● Dataset content:
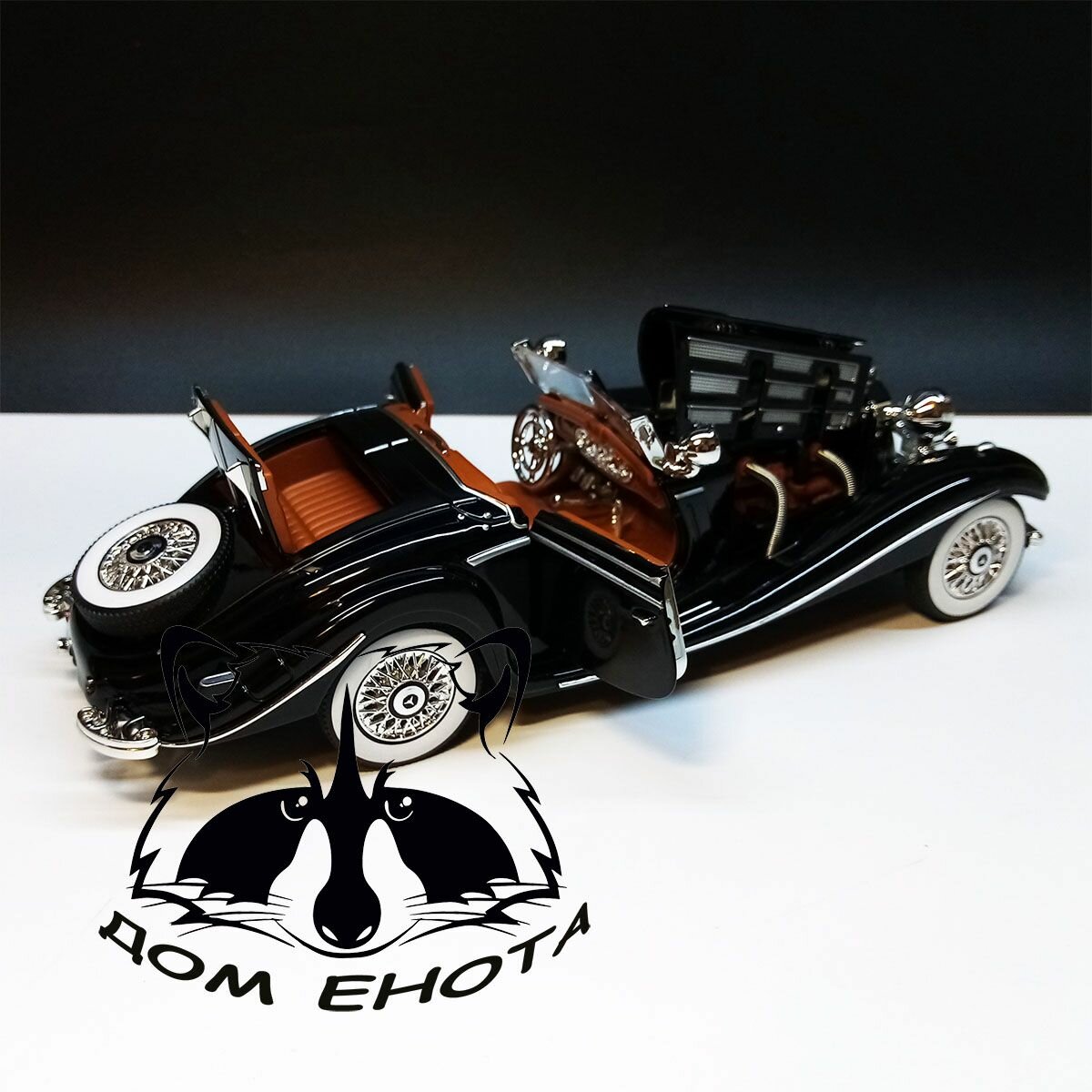 Машинка Мерседес 500К ретро с дымом. Металлическая модель автомобиля Mercedes 500K черный 22см. классическая модель. Инерционная игрушка машина 1:24 интересное:
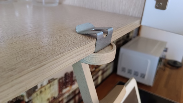 Как вы поняли из названия - это держалка для планшета из массива бука, которую можно крепить на полке.
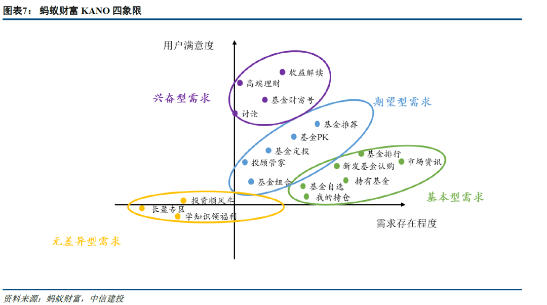 基金销售APP为投资者提供了集基金交易、投顾服务、产品比较、社区讨论、学习理财等为一体的功能平台。从商业模式看,在线基金销售不过是流量聚集再分发的变现,自有基金代销以来,诸多公司都曾布局过线上场景,模式表面类似的情况下发展方向大相径庭。因此,我们猜想线上销售的能力一定有其独特壁垒,以传统投研思维去分析恐怕难以深入,所以我们采用KANO模型对保有量排名较为靠前的2C互联网代销平台进行对比。

● What to produce:
Output the complete listing exactly as it appears, except for the images.

● Output of the task:
 Машинка Мерседес 500К ретро с дымом. Металлическая модель автомобиля Mercedes 500K черный 22см. классическая модель. Инерционная игрушка машина 1:24 интересное:
 Как вы поняли из названия - это держалка для планшета из массива бука, которую можно крепить на полке.
 基金销售APP为投资者提供了集基金交易、投顾服务、产品比较、社区讨论、学习理财等为一体的功能平台。从商业模式看,在线基金销售不过是流量聚集再分发的变现,自有基金代销以来,诸多公司都曾布局过线上场景,模式表面类似的情况下发展方向大相径庭。因此,我们猜想线上销售的能力一定有其独特壁垒,以传统投研思维去分析恐怕难以深入,所以我们采用KANO模型对保有量排名较为靠前的2C互联网代销平台进行对比。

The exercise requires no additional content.